< HOME  Monday, November 21, 2005

GM Ups The Ante To 30,000 Job Cuts

These people are ruthless!

"the plan is aimed at saving $7 billion a year by the end of 2006."

But, who gets the savings?

"If we've learned anything in the last five years, it's that there's no guarantees in this business or any other business."

Of course business is VERY RISKY!!!

Because you've given all the GUARANTEES to moneylenders!!!

That which is given must come from somewhere.

Interest based lending has evolved into a practically NO RISK activity.

It is, simply, un-NATURAL.

Risk is inherent in life. You cannot eliminate risk;

you can only transfer it--from lenders to equity investors and workers!

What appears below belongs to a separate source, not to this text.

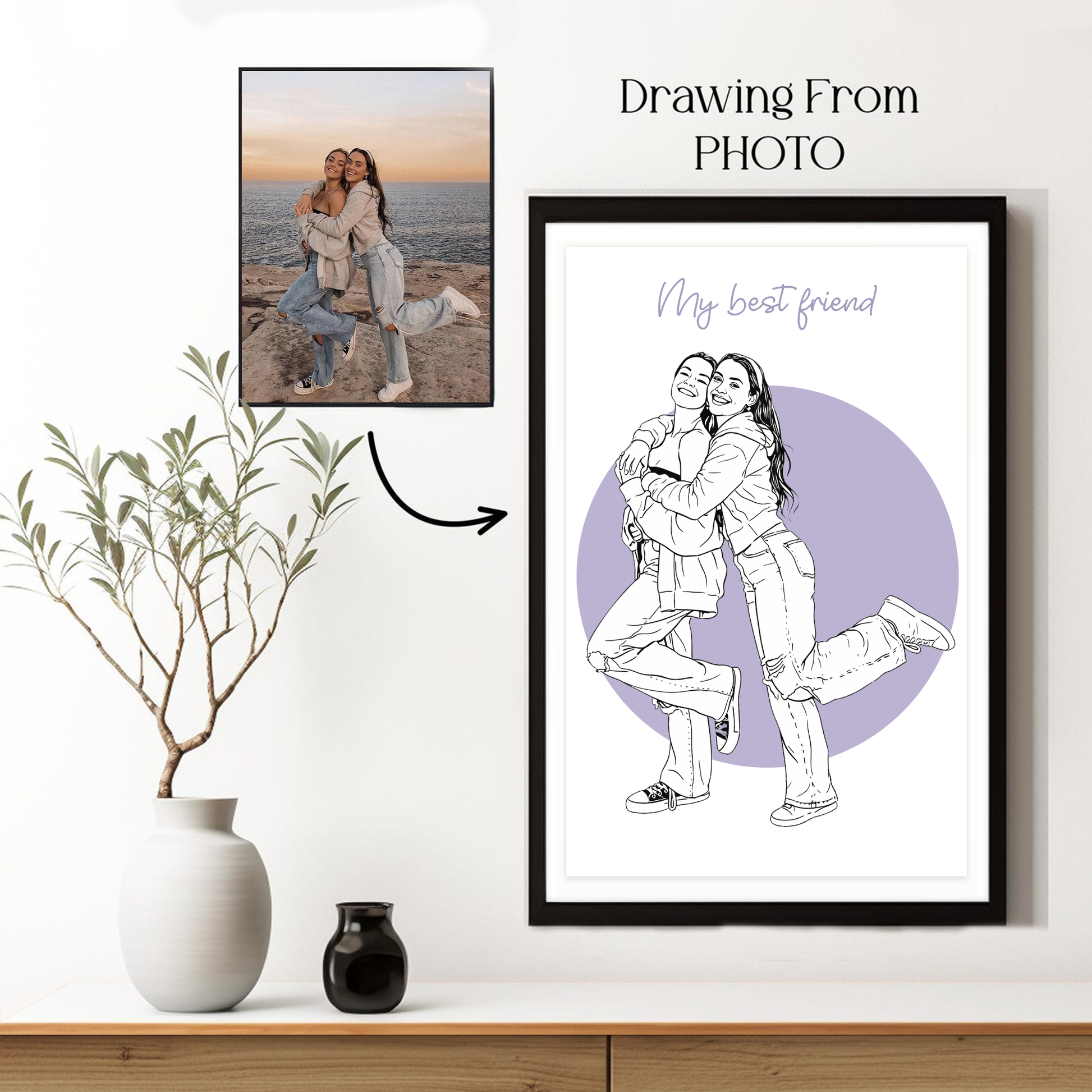 Turn your favorite memories into timeless wall art with a custom simple line drawing portrait – a perfect painting from photo that captures love, joy, and connection. Whether you're looking for a romantic couple portrait, a heartfelt anniversary gift, or a one-of-a-kind wedding illustration, this personalized artwork is made to celebrate your special moments.

Restore the balance of risk and equity investing will no longer be as risky as it is now and workers can keep their jobs and benefits!


At Tuesday, November 29, 2005, Anonymous Anonymous said...

"But, who gets the savings?"
If you were in debt and had to cut costs
to make ends meet, who would your 'savings'
go to? Duhhhhhhhh. How about the bank!!!!
Consider that when you go to purchase a new
vehicle from GM, Ford, or any other auto-maker
that's in debt. Their profits, which you
provide for them, go directly to their financiers.
Consider also, that cost cutting measures
manifest themselves in the product too.
So in order to keep the bankers swimming in cash,
your vehicle will not be as good as it could have.
Make plans for 'inherent flaws' and suboptimal designs because GM had to make 'compromises' in
the manufacture of your vehicle.
The bankers will appreciate your understanding, however.